Memory friendly setup
We chose SQLite as our database and USearch as our vector search library due to their lower memory footprint and MMAP-based implementation. Since this system is read-only, we do not require the concurrency features offered by enterprise databases like MySQL or PostgreSQL. Regarding vector search, the mmap support allows us to avoid loading the vector search index into memory, which helps conserve system RAM. While the performance may not match memory-based alternatives, it is sufficient for our needs.
Robust traffic support by using Nginx
Using Nginx enables robust support for traffic management, whether it is rate limiting to prevent any DDOS attacks (or even any volume of traffic which are beyond what our application can handle), caching (to have efficient utilization of system resources), or the rendering of static resources such as images, CSS, JS files, etc.
The Bad
Autocomplete Memory Consumption
The memory consumption of the autocomplete API can be pretty high under heavy load. Considering mmap-based alternatives may be beneficial in this case.
No HTTPS support
The v1.0.0 setup doesn't support HTTPS, so the setup requires something like a Cloudflare tunnel for HTTPS support.
Additionally, there is no built-in HTTPS support for the search and autocomplete APIs. The Node.js web server communicates directly with the API containers without a proxy in place to manage SSL or other networking rules. This means that all traffic between the web server and the APIs is unencrypted.
No (Auto)scaling (Yet)
Although the application has been designed to support scaling, the current version, v.1.0.0, still requires a scaling configuration, either Kubernates-based or another approach.
Conclusion
We designed a playlist search application powered by the embeddings from the sequence-to-sequence model we described in our paper.
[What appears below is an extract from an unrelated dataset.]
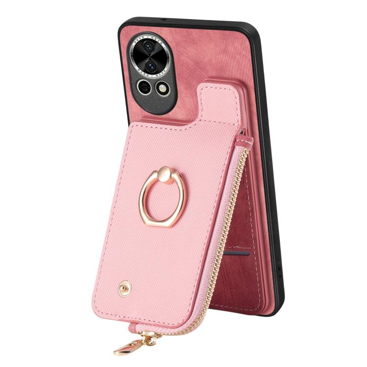 Funda para Huawei Nova 9 Se con Cremallera Vertical y Anillo de Cuero Cruzado (Rosa)
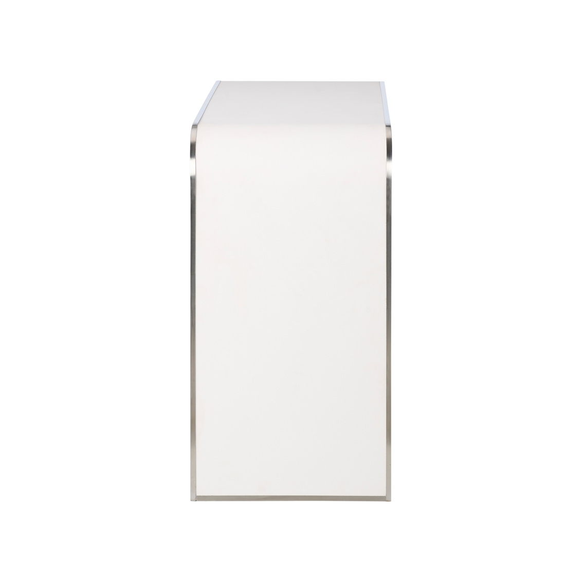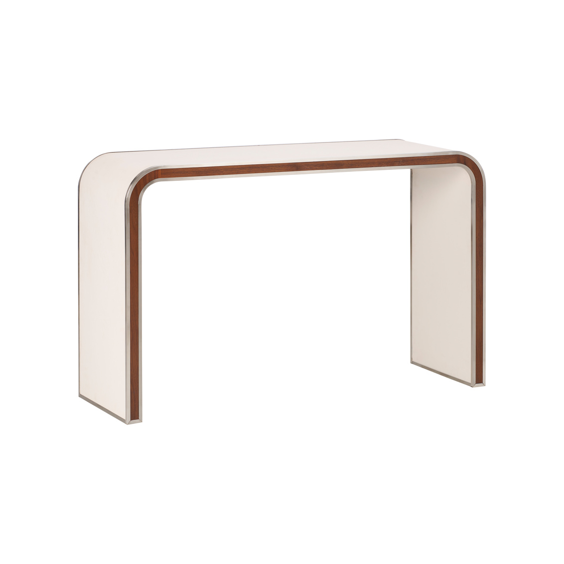 The Arden Console Table showcases bold modern style with its sleek waterfall silhouette and bright white leather finish. Trimmed in warm walnut and brushed nickel accents, it’s a striking piece that elevates any entryway or living space with sophisticated contrast and clean design.

The setup is low-cost, enabling it to be deployed on a Raspberry Pi while still being designed to be scalable if needed. This version does depend on an HTTPS frontend (such as a Cloudflare tunnel) and does not yet have any scaling configuration.
Until the next iteration.
Notes
*Memory-mapped I/O (mmap) is a technique that allows a file or a portion of a file to be directly mapped into the memory address space of a process. This enables applications to access the file's contents as though they were part of the program's memory, facilitating efficient file input/output (I/O) operations.
**While Nginx could also have been installed as a docker container, we decided to run it on the host machine itself so as not to depend on the docker running itself, which can be used to show a maintenance page during any docker upgrades.